According to Bobby Freeman in First Catch Your Peacock, the name comes from ‘Christopher Cat’s Shire Lane pie-house where in James II’s time leading Whigs of the day – Steele, Addison, Congreve, Vanburgh – met and formed the Kit-cat Club, dining of course on Cat’s mutton pies, which became known as “kit-cats”, abbreviating finally to “katt”’. She continues, ‘I speculate that the name might have been carried west by Whig politicians amongst the Halls of Pembrokeshire, whose home was at Gumfreston near Tenby, not far from Templeton… who could conceivably have been members of the famous Kit-cat Club.’

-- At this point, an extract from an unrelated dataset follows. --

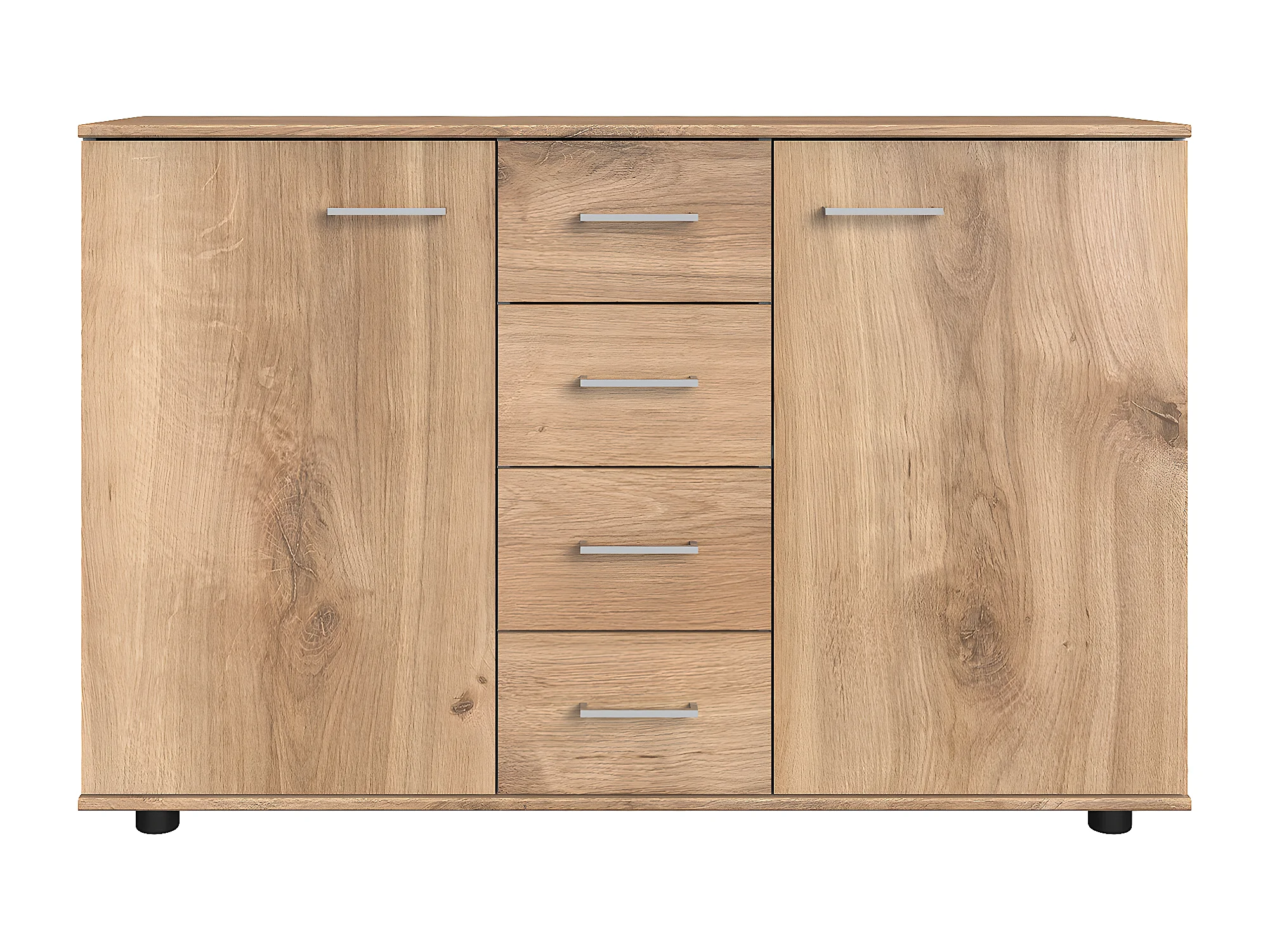 Commode meuble de rangement coloris imitation chêne poutre/chrome brillant

It’s thought that spices and sugar were added to meat to trick the tastebuds from acknowledging that the meat was on the turn – apt for this week perhaps!
Ingredients
1lb flour
½lb suet
Good pinch salt
½lb minced mutton
½lb currants
½lb sugar (brown)
Salt and pepper
Method
Make a hot-water pastry by boiling suet in water, add to flour and salt, stirring well with wooden spoon. When cool make into pies about 4ins. in diameter. Arrange filling in layers – mutton, currants and sugar, salt and pepper; cover with a round of thin pastry. Bake in a hot oven 20 to 30 minutes. Eat hot.
From Croeso Cymreig
If you try the recipe out, don’t forget to tag any photos with #mywelshkitchen.
The Playlist
To me, cooking and music go hand in hand, whether that’s singing at the top of your voice using a wooden spoon as a microphone while waiting for pasta to boil, or dancing around with the oven gloves on as the oven timer counts down. Here are this week’s ideas for your Welsh Kitchen playlist.

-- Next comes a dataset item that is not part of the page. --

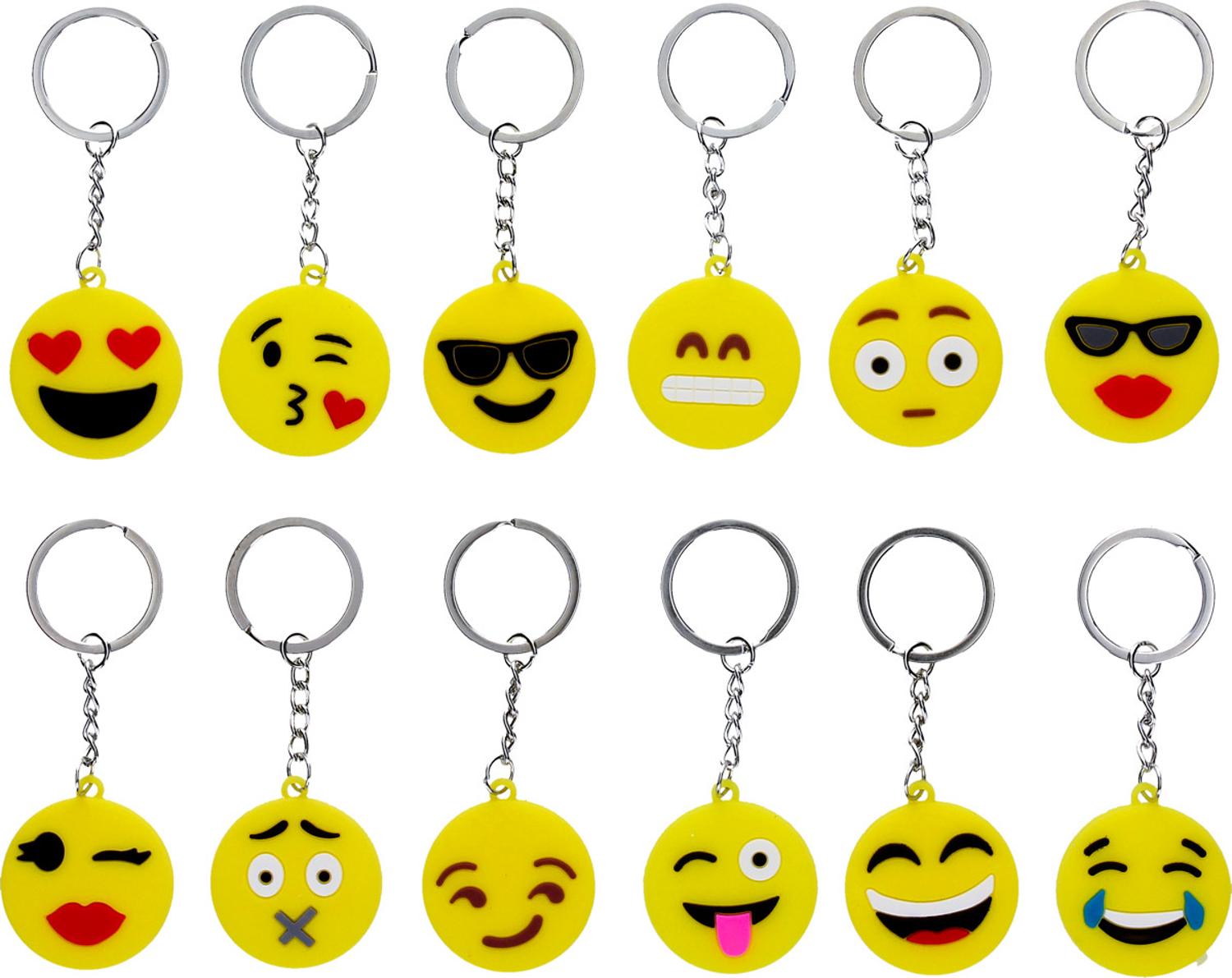 Deze sleutelhangers zijn voorzien van een emoticon oftewel smiley, smile, lachend gezicht. Met allerlei emoties. Het gezichtje is van zacht kunststof en de ring en ketting zijn van metaal.

This week we have two pieces in honour of Remembrance Day. The first is a rousing battle march performed by The Band and Male Voice Choir of The Prince of Wales’s Division. The second is a song made famous by Dame Vera Lynn, but here performed by another forces’ sweetheart, Katherine Jenkins.

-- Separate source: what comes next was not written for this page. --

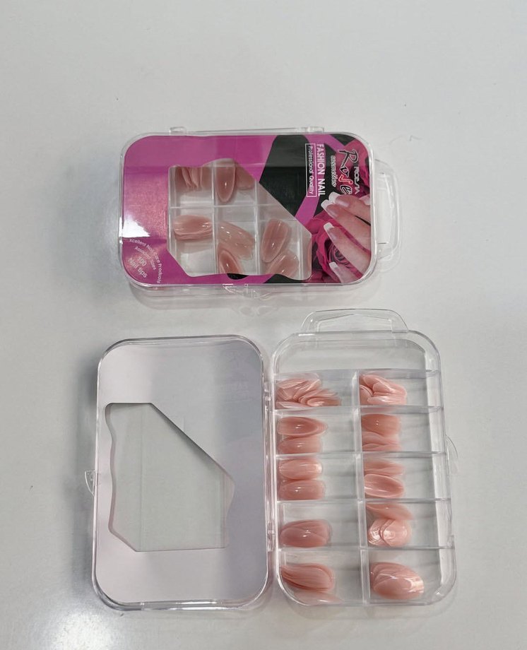 Şeffaf kutuda düzenlenmiş, parlak görünümlü açık pembe tırnak.

Men of Harlech by The Band and Male Voice Choir of The Prince of Wales’s Division
We’ll Meet Again by Katherine Jenkins
The Pantry
Good food is nothing without good ingredients and thankfully there are plenty of fantastic Welsh products on the market. Here is where you’ll find recommendations to stock up your cupboard, fridge or fruit bowl, or a really great place for food.
Travel by Telephone Beer
We’re talking beer this week and travelling to Newtown in Mid Wales to taste the farmhouse style beers from family-run Wilderness Brewery, who describe their beers as ‘simple, unfiltered and vegan friendly’. Travel by Telephone is a rustic beer, aged for 18 months in Bordeaux barrels, then blended with fresh saison and lightly dry hopped with Citra.